In reality, everybody adds 0x40 to the space value to get 64, so the range is 33 to 64 and then you & the result with 0x3F during processing (which actually happens anyway internally as part of the mask and shift, so you get it for free). But... that's not what posix says.

I'm growing increasingly disappointed with posix. Some old farts on the Austin mailing list are going "the C locale can't possibly support unicode, that's blasphemy!" despite the C locale currently supporting unicode, they just hadn't noticed. They keep talking about "certified unix", like that means something in the 21st century (Irix! UnixWare! Ultrix!). And implying that Ken Thompson inventing something and Linus Torvalds calling it the only sane solution to the problem doesn't mean anything, because these old farts know better. Odd.


March 25, 2013

Ok, things that could be causing this weird intermittent aboriginal failure:

  • qemu upgrade
  • toybox upgrade
  • kernel upgrade
  • busybox upgrade

It's probably _not_ the binutils upgrade because that was a couple releases back (first in 1.2.1, and 1.2.2 is out since then). Admittedly I haven't been as diligent about redoing the full LFS build since my server died (dinky little netbook takes about a day per target to natively build Linux From Scratch under qemu), and this is an intermittent problem, but I still think I'd have noticed before now. Besides, it's mostly breaking during compiles and not links.

Roll back to qemu 1.4.0 release version and try armv5l (fails most reliably), and that reproduced the failure. Try going back to 1.3.0...

chmod 755 ../../lib/auto/POSIX/POSIX.so
cp POSIX.bs ../../lib/auto/POSIX/POSIX.bs
chmod 644 ../../lib/auto/POSIX/POSIX.bs
make[1]: *** [all] Segmentation fault
make[1]: Leaving directory `/home/perl/ext/POSIX'
Unsuccessful make(ext/POSIX): code=512 at make_ext.pl line 449.
make: *** [lib/auto/POSIX/POSIX.so] Error 25

So I'm guessing it's _not_ a qemu issue then? (Well, 1.3.0 was December, so maybe I wouldn't have noticed, let's try 1.2...)


March 24, 2013

The i586 and i686 LFS builds finished, but the i486 tar build failed with:

  GEN    wchar.h
  GEN    wctype.h
make  all-recursive
make[3]: Entering directory `/home/tar/gnu'
make[4]: Entering directory `/home/tar/gnu'
  CC     areadlink.o
distcc[19717] ERROR: compile areadlink.c on 10.0.2.2:9243/1 failed
distcc[19717] (dcc_build_somewhere) Warning: remote compilation of 'areadlink.c' failed, retrying locally
distcc[19717] Warning: failed to distribute areadlink.c to 10.0.2.2:9243/1, running locally instead
In file included from areadlink.c:32:
./stdlib.h:71: error: redefinition of 'struct random_data'
distcc[19717] ERROR: compile areadlink.c on localhost failed
make[4]: *** [areadlink.o] Error 1

It actually failed _twice_ (once via distcc and again locally), so it looks like the preprocessor consistently produced bad output?
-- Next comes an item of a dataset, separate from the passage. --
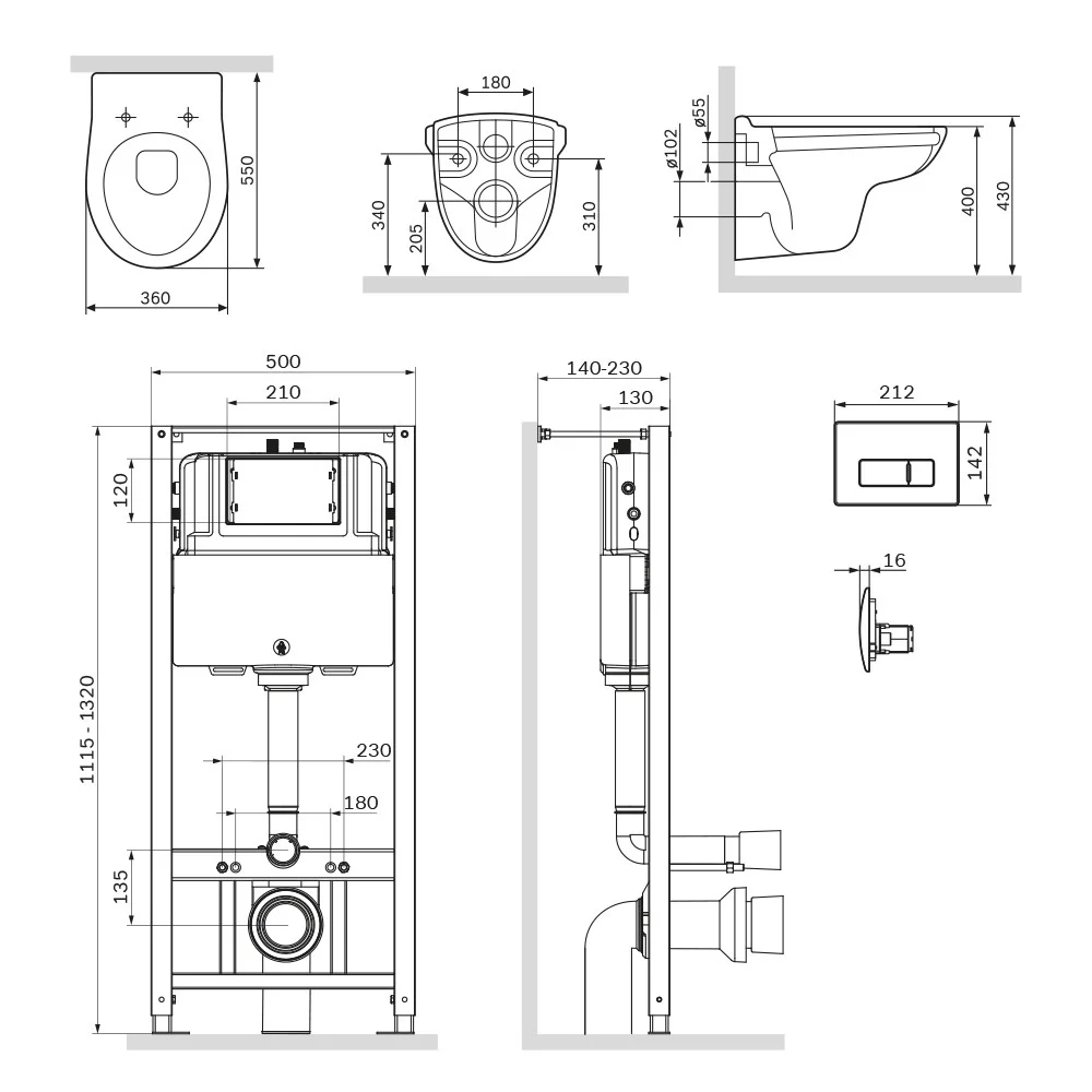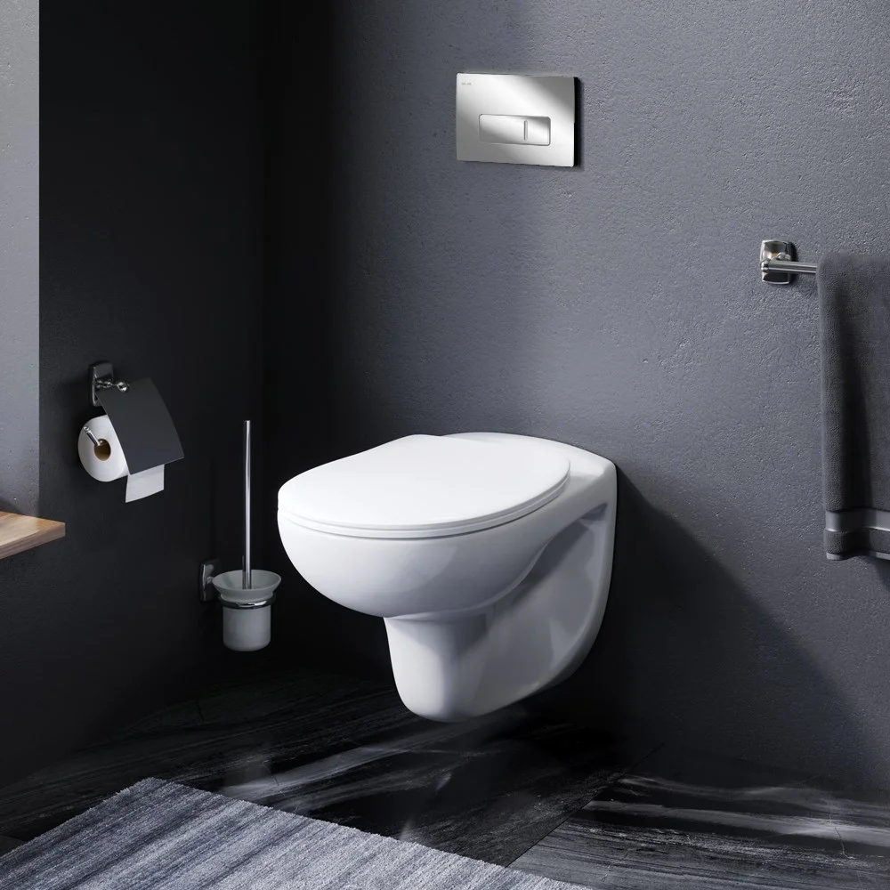 Полностью готовый к установке комплект: система инсталляции с клавишей подвесной унитаз с сиденьем. Неразборная рама из стального профиля выдерживает нагрузку до 400 кг. Полностью изолированный бачок с качественной двухрежимной смывной арматурой - комфортное использование благодаря низкому уровню шума - менее 20 Дб. Укомплектован пневматической клавишей в цвете глянцевый хром. В комплекте все необходимые патрубки и крепления а также прокладка между унитазом и стеной - звукоизоляция.

The i586 and i686 builds don't have the phrase "remote compilation" in their outputs, so it's not a transient problem. (Thank goodness; those suck to debug.)

Except... it _is_ a transient problem, in that I re-ran the i486 build and it completed, all the way through vim (last package). Same target, same software, different behavior.

Uninitialized variable? Weeeird.


March 23, 2013

In my toybox talk at CELF I mentioned that containers aren't quite ripe yet. The example I usually mention when it comes up to give an example of the tricky corner cases is how writing to drop_caches under /proc in a container shouldn't cause a systemwide latency spike, but that was actually an issue from 2010.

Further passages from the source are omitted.